> **REQUIREMENT**
Please copy all of the data that follows exactly, leaving any pictures out.
━━ COLLECTED MATERIAL
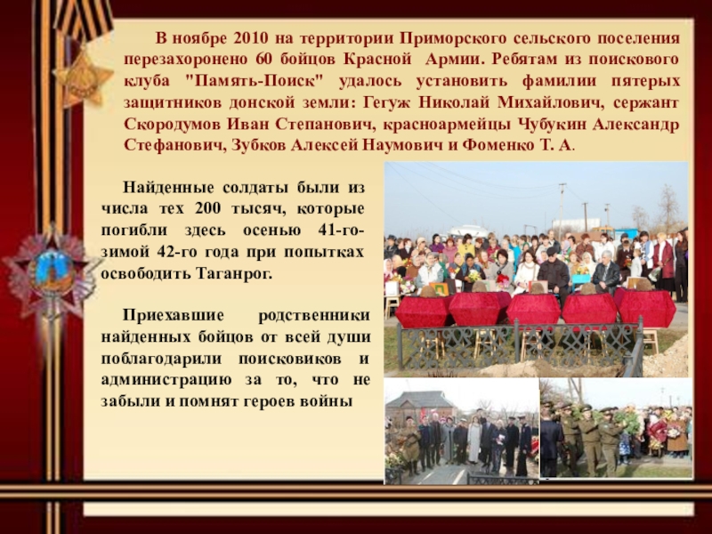 Найденные солдаты были из числа тех 200 тысяч, которые погибли здесь осенью 41-го-зимой 42-го года при попытках освободить Таганрог.
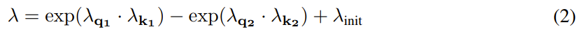 其中 W^Q、W^K 、W^V 是參數,λ 是可學習的標量。為了同步學習動態(tài),將標量 λ 重新參數化為:
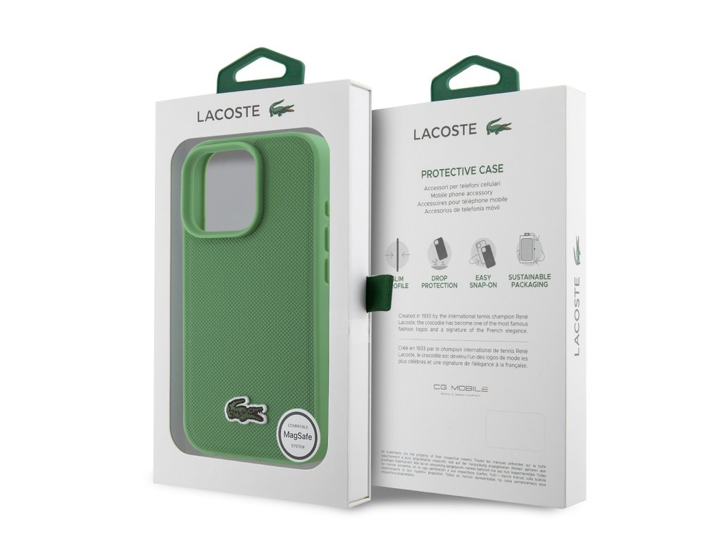 Lacoste Iconic Petit Pique Woven Logo MagSafe Zadní Kryt pro iPhone 16 Pro Green
━━━━
> **SOLUTION**
 Найденные солдаты были из числа тех 200 тысяч, которые погибли здесь осенью 41-го-зимой 42-го года при попытках освободить Таганрог.
 其中 W^Q、W^K 、W^V 是參數,λ 是可學習的標量。為了同步學習動態(tài),將標量 λ 重新參數化為:
 Lacoste Iconic Petit Pique Woven Logo MagSafe Zadní Kryt pro iPhone 16 Pro Green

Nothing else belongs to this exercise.